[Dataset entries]
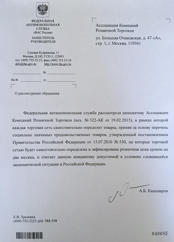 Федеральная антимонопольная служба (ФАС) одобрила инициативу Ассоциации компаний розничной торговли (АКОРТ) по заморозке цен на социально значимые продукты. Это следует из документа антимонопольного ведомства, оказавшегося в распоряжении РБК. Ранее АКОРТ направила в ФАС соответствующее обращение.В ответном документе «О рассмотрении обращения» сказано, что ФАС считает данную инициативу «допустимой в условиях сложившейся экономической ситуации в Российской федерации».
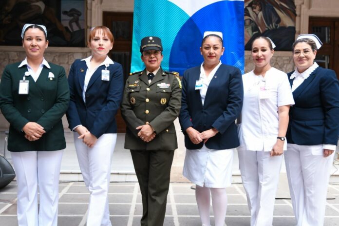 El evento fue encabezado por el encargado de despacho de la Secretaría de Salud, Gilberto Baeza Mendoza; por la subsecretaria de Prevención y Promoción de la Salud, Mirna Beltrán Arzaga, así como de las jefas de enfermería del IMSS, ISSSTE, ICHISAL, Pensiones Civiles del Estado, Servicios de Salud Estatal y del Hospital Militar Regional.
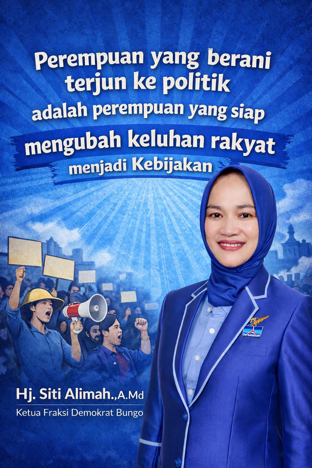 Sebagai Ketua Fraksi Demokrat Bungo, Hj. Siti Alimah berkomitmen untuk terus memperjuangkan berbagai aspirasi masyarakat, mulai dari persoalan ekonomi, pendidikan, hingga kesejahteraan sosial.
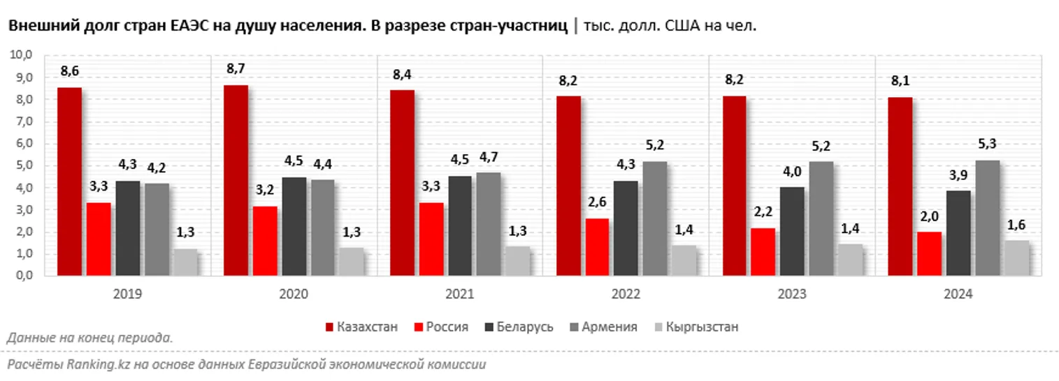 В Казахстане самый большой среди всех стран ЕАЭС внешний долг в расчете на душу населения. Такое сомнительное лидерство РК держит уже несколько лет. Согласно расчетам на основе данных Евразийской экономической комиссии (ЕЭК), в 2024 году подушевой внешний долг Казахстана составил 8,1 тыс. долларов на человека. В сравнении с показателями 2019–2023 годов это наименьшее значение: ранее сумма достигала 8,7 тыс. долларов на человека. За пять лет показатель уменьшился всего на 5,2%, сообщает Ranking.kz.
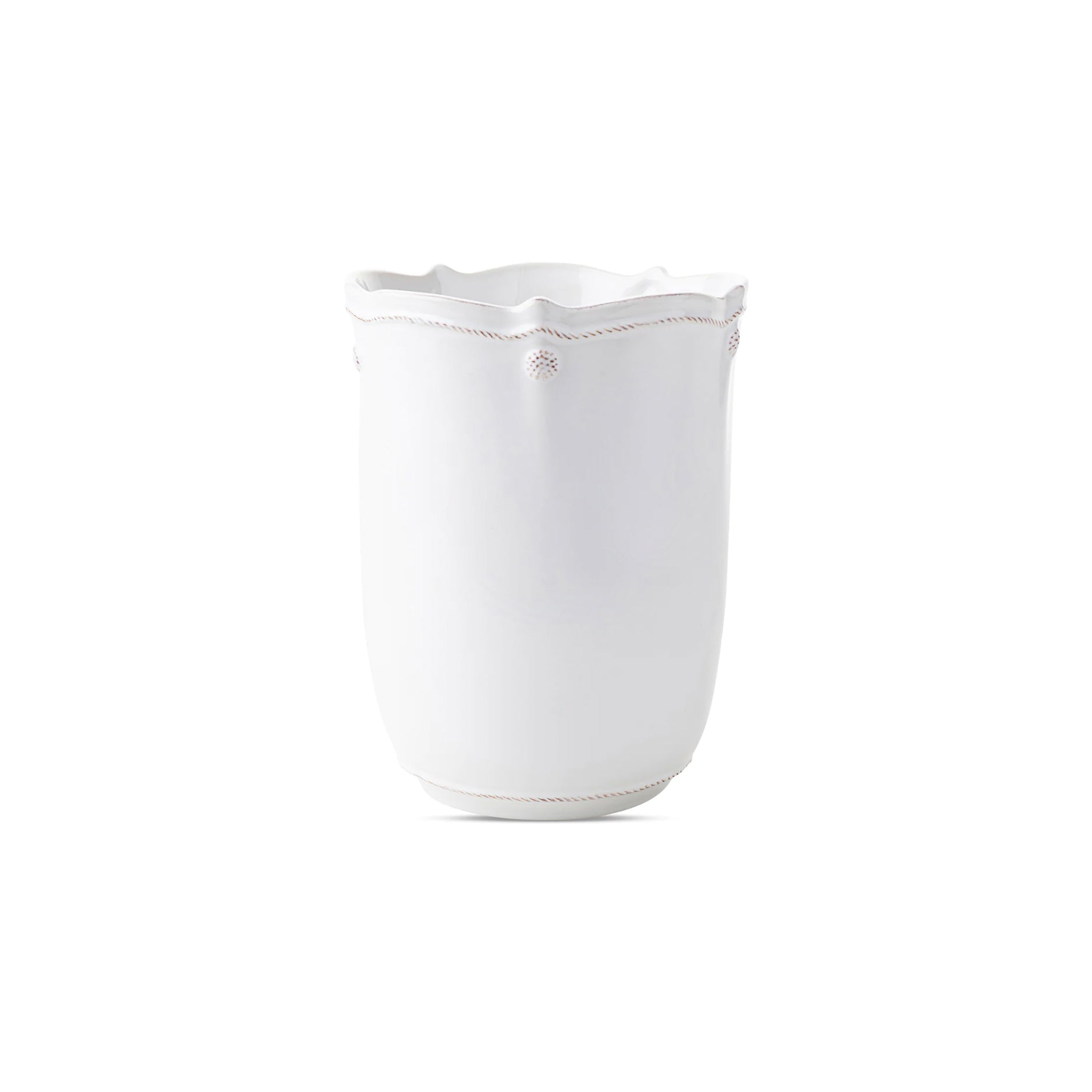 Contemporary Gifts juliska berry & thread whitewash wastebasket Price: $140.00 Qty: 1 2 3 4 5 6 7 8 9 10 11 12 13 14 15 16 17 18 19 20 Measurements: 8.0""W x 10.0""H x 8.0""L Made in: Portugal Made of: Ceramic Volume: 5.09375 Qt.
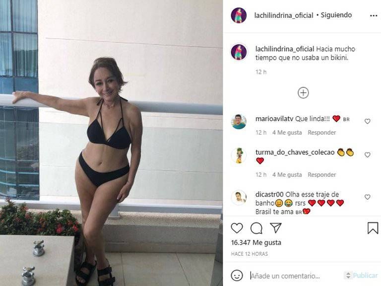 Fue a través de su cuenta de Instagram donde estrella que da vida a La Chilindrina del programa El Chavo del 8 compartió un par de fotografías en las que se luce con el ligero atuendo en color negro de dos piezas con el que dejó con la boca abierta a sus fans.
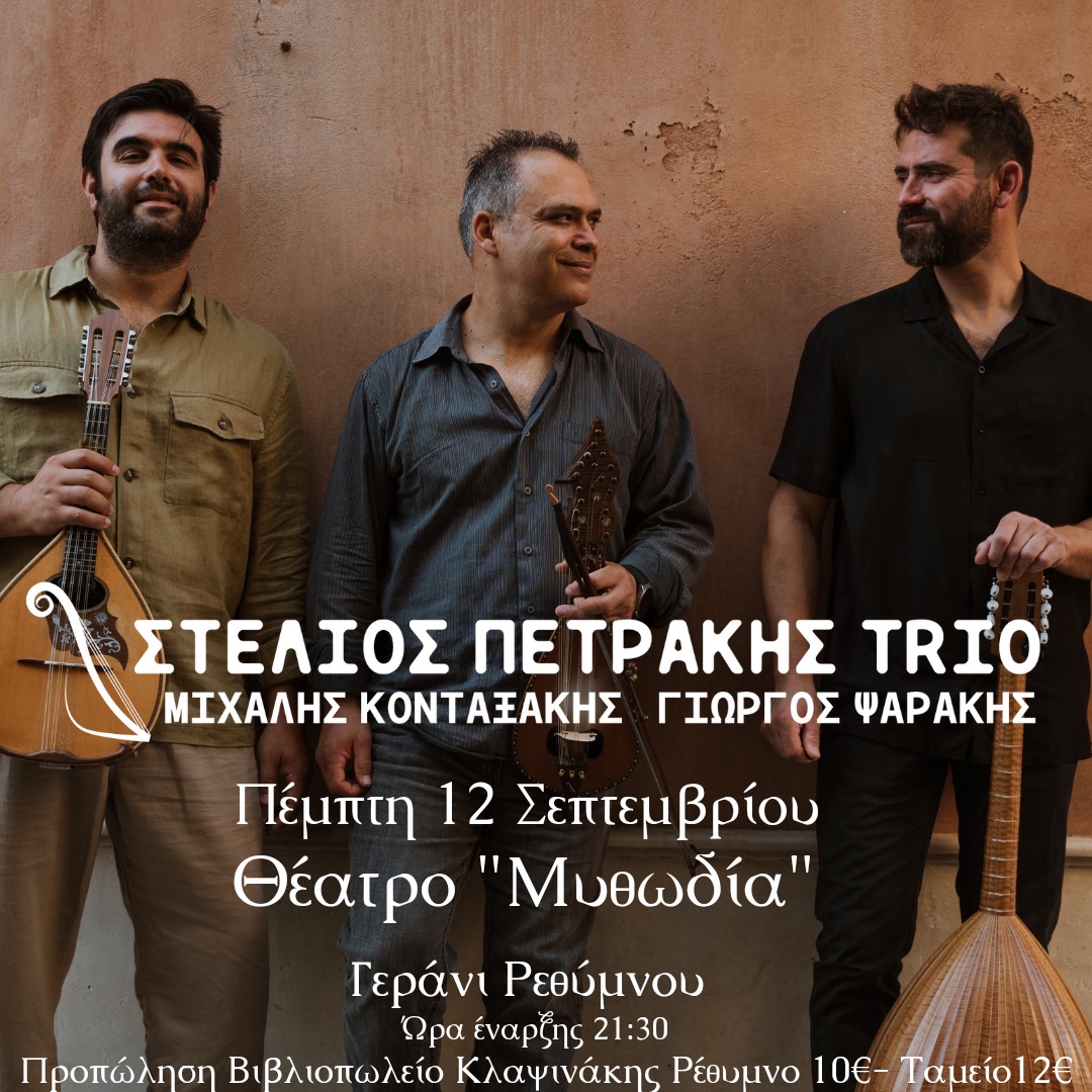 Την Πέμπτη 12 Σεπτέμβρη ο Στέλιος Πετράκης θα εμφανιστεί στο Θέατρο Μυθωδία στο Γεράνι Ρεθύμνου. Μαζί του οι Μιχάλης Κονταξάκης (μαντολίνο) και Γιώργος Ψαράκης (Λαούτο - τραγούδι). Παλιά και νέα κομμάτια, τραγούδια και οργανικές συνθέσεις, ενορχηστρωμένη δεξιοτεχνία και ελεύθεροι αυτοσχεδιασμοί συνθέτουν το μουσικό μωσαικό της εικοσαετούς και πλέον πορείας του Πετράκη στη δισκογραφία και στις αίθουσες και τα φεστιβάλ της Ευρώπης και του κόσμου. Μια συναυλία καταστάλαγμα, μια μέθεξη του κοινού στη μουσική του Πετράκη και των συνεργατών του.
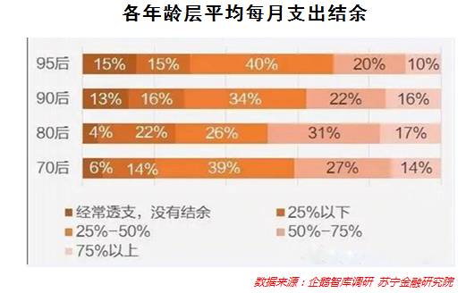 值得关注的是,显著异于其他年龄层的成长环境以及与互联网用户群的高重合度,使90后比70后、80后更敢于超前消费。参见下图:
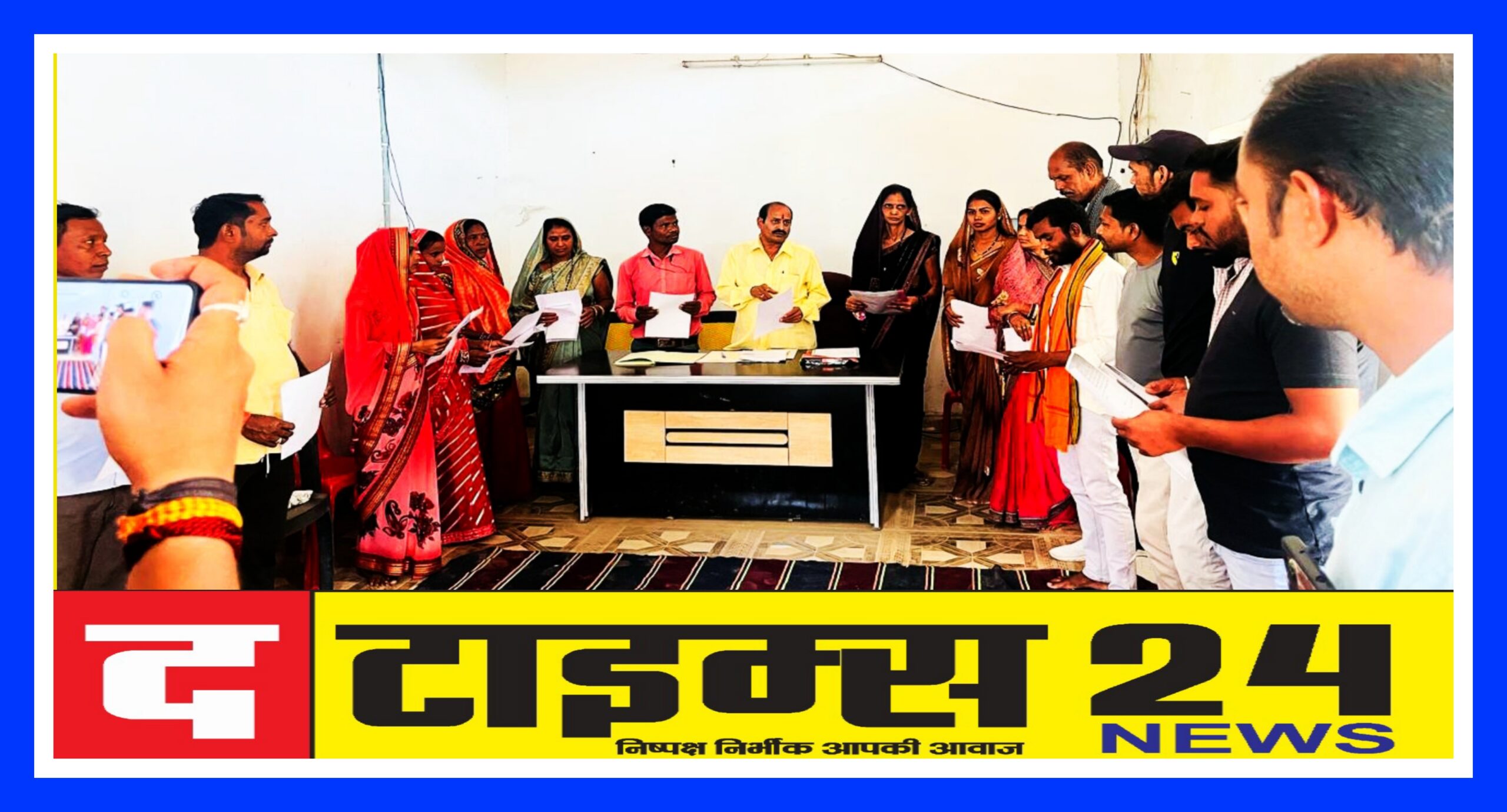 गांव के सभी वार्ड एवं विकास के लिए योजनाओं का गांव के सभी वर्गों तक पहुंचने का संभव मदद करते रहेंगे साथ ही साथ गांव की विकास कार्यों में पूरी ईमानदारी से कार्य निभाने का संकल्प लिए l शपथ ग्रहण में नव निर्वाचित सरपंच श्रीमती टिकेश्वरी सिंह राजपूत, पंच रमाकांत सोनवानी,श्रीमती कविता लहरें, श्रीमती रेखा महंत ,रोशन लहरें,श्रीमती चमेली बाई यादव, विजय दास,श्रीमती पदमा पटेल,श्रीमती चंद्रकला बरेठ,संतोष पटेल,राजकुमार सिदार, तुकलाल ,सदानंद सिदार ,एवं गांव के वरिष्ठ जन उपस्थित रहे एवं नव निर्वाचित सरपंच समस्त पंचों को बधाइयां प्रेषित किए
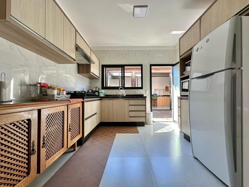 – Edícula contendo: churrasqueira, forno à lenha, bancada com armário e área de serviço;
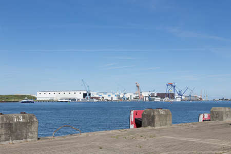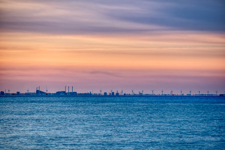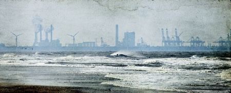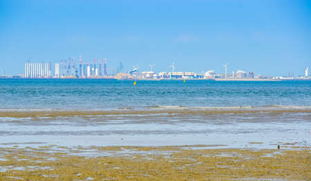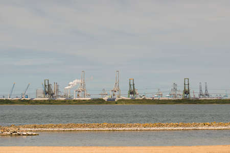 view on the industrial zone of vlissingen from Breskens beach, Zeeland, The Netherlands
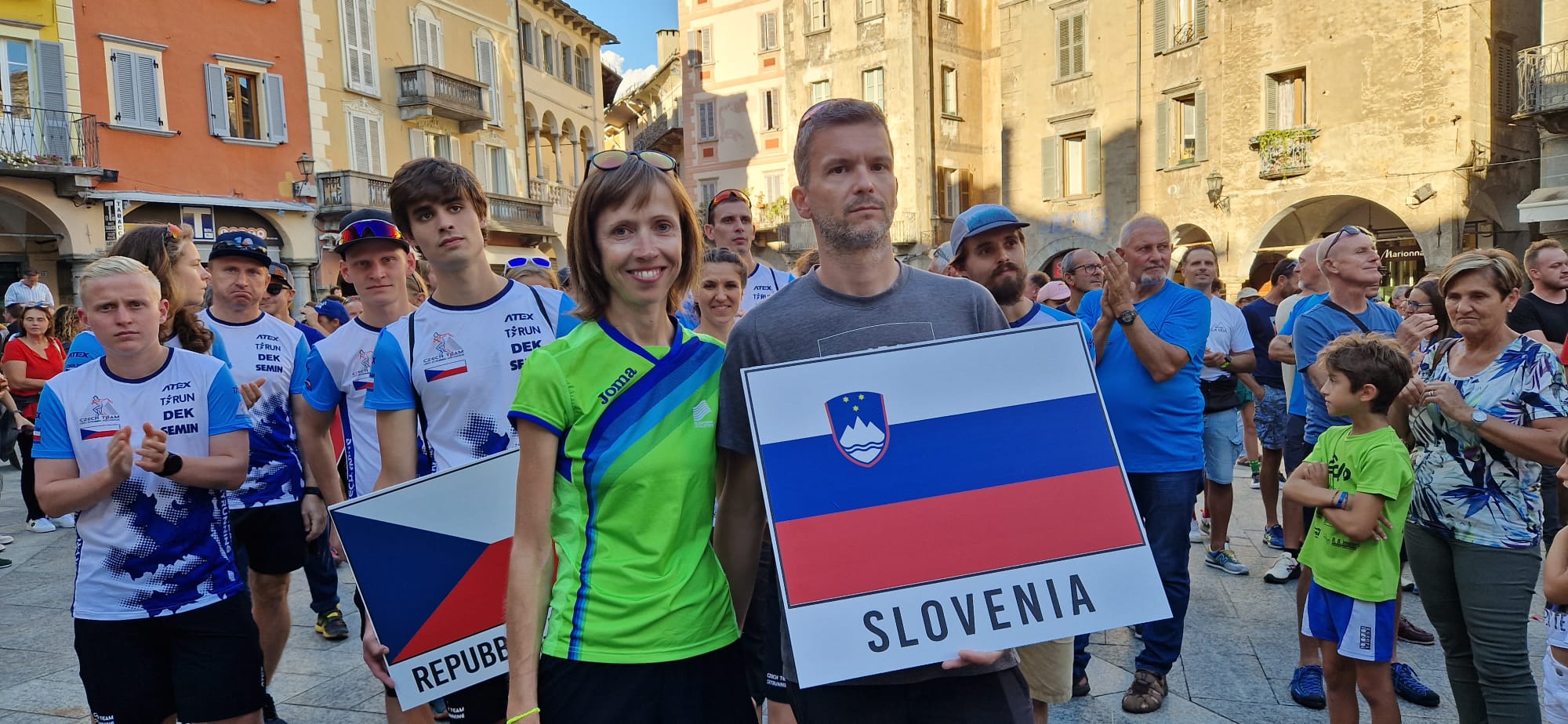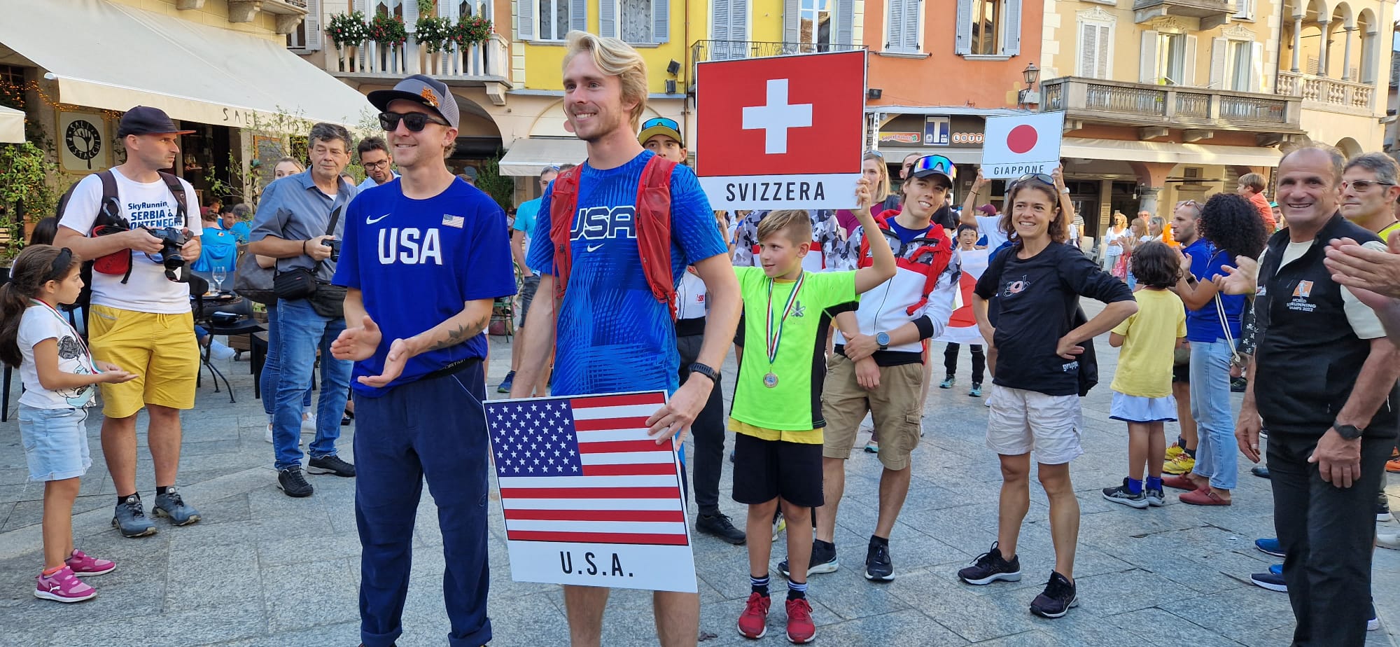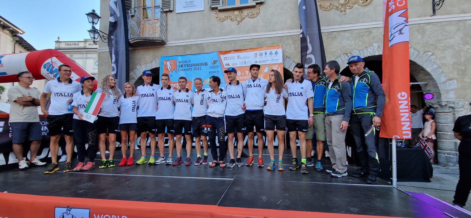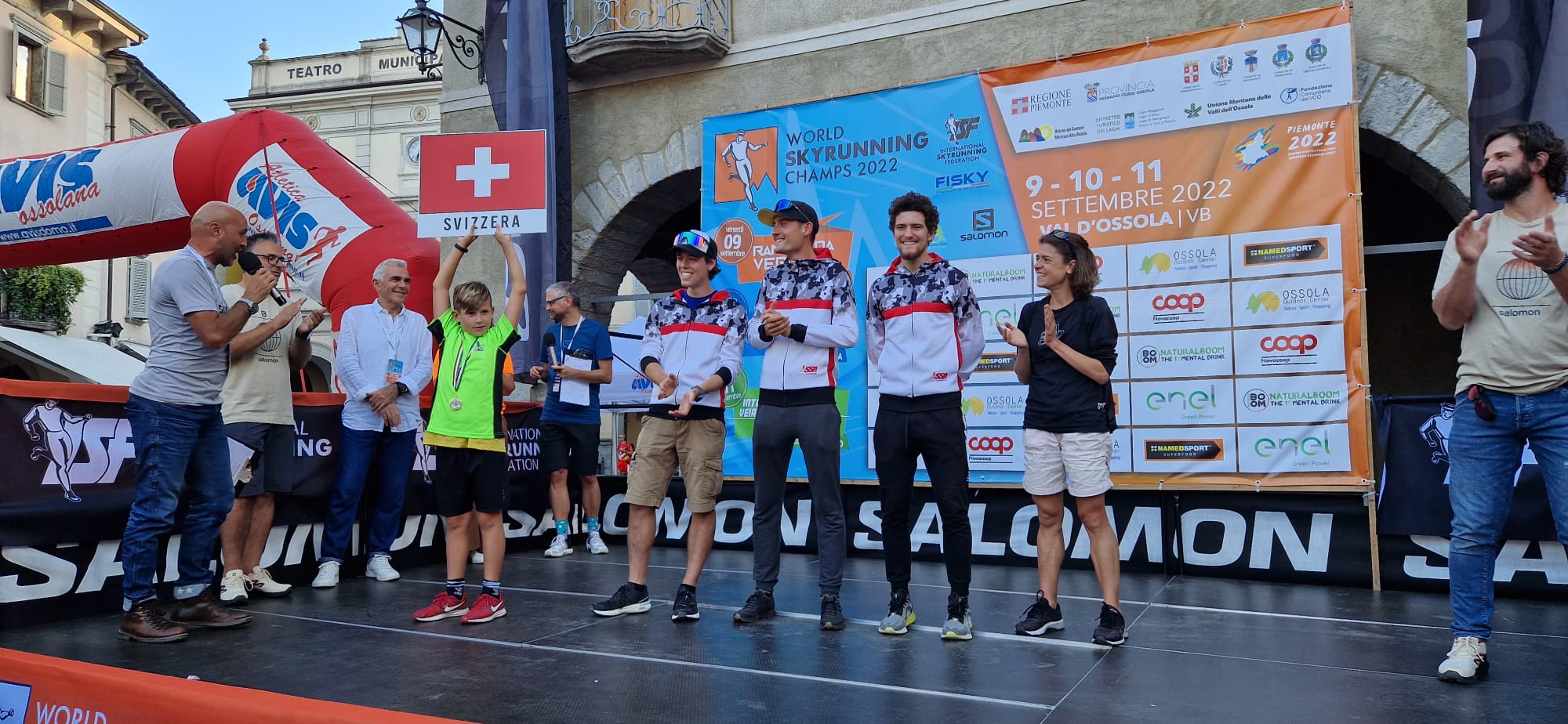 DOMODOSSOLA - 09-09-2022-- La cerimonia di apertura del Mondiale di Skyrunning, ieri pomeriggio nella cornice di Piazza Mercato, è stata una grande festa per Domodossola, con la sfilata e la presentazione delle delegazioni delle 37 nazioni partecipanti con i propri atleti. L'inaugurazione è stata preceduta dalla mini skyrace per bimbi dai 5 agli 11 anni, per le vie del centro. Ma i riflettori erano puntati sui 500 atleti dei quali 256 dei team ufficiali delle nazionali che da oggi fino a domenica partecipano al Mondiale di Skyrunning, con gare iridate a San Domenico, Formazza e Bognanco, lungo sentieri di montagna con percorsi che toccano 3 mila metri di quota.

* [TASK INSTRUCTIONS]: Each line from the beginning of the entries up to and including the one containing "Sebagai Ketua Fraksi" must be restated exactly. Pictures are to be left out.

* [THE ANSWER]:
 Федеральная антимонопольная служба (ФАС) одобрила инициативу Ассоциации компаний розничной торговли (АКОРТ) по заморозке цен на социально значимые продукты. Это следует из документа антимонопольного ведомства, оказавшегося в распоряжении РБК. Ранее АКОРТ направила в ФАС соответствующее обращение.В ответном документе «О рассмотрении обращения» сказано, что ФАС считает данную инициативу «допустимой в условиях сложившейся экономической ситуации в Российской федерации».
 El evento fue encabezado por el encargado de despacho de la Secretaría de Salud, Gilberto Baeza Mendoza; por la subsecretaria de Prevención y Promoción de la Salud, Mirna Beltrán Arzaga, así como de las jefas de enfermería del IMSS, ISSSTE, ICHISAL, Pensiones Civiles del Estado, Servicios de Salud Estatal y del Hospital Militar Regional.
 Sebagai Ketua Fraksi Demokrat Bungo, Hj. Siti Alimah berkomitmen untuk terus memperjuangkan berbagai aspirasi masyarakat, mulai dari persoalan ekonomi, pendidikan, hingga kesejahteraan sosial.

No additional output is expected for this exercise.